PROVIDED MATERIAL.
........

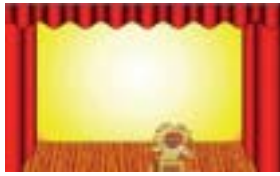
Le web pédagogique

Je dirige un atelier de théâtre pour enfants.
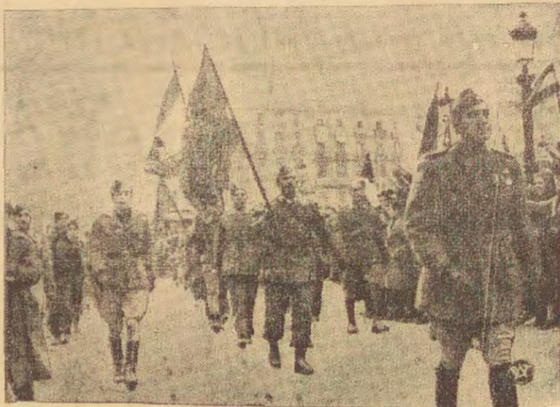
PO ZWYCIĘSTWIE GEN. FRANCO W KATALONII

zem jest m. in. wniesiona w ubiegłym tygodniu interpelacja posła ks. Lubelskiego, uwieńczone zostało ostatecznie pomyślnym wynikiem.

........

TO DO. Give back every line of the material exactly as written, but not the pictures.

TASK RESULT.
Le web pédagogique

Je dirige un atelier de théâtre pour enfants.
PO ZWYCIĘSTWIE GEN. FRANCO W KATALONII

zem jest m. in. wniesiona w ubiegłym tygodniu interpelacja posła ks. Lubelskiego, uwieńczone zostało ostatecznie pomyślnym wynikiem.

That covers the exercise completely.